The little town must have been a delightful place before the war, and even now, destroyed though it mostly is, there are a few picturesque corners which the bombardment has spared. There were comparatively very few soldiers about, and the deserted, ruined streets looked unutterably sad; but right in the centre, on an open piece of waste ground, sheltered by some tall houses and a roughly made “screen” of odd pieces of corrugated iron, a regiment was waiting for nightfall to proceed to the trenches outside the town.

I had a good look through an aperture in the screen: the men were noticeably subdued in their demeanour, as well they might be, considering that at any moment they might be under a hail of projectiles and with no means of escaping it.

They had evidently been on the road for some time, as they all looked grimy with dust and dirt and tired out, judging from the way most of them were lying about sleeping. It was an extremely sad spectacle, and I had no inclination to make a sketch of it, novel though it was.

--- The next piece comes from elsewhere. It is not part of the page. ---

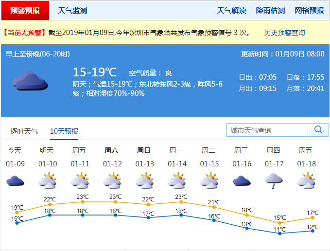 深圳新聞網(wǎng)2019年1月9日訊(記者 陳婕)先帶來兩個好消息,首先是本周末陰沉天氣好轉(zhuǎn),有明顯陽光,適宜出行游玩浪起來!第二個好消息就是春節(jié)期間(2月4日-2月10日),無強冷空氣影響深圳市。假期前期溫暖舒適,后期弱冷空氣影響,氣溫略降,最低氣溫12-13℃。目前大片云層覆蓋了我國華南地區(qū),深圳市天氣陰沉,缺少陽光,明后天還是持續(xù)陰天,有分散小雨,衣服曬不干。

We enquired our way to the quarters of the Divisional Commandant, as my companion had a letter to deliver to him, and an officer we met sent some one with us to show us the house, as outwardly there was no indication of its being occupied. The number of deep dug-outs protected with sand-bags one saw everywhere was sufficient proof of the awful time the men stationed here went through. As we went along we were constantly meeting stretcher-bearers bringing along wounded men. At the corners of streets men were sheltering close up to the walls as though expecting at any moment something to happen.

The Commandant’s “office” was in a house that had suffered badly: there were gaping cracks in the walls, and it looked as if any explosion near it would bring it down with a run.

There were quite a number of staff clerks at work in the ground-floor rooms, and the telephone bells were ringing incessantly.

We were received by the Commandant with much cordiality, and the position of affairs in the immediate vicinity explained to us very lucidly by means of a big military chart fastened to a table in one of the rooms, but he expressed regret at our having come just on that particular day as a big attack by the artillery was timed to commence at eleven o’clock (it was then 10.45), and he feared we should not be able to get back so soon as we wished.

As though in defiant response to his statement, there was at that moment a loud report from an Austrian battery, and a big shell screeched by overhead.

There was still a quarter of an hour to spare before the Italian guns were to start off, so the Commandant suggested our going upstairs to the third floor to have a peep at the Italian and Austrian trenches through a shell-hole in the roof. The house was quite new and built in flats, which had evidently been occupied by fairly well-to-do people.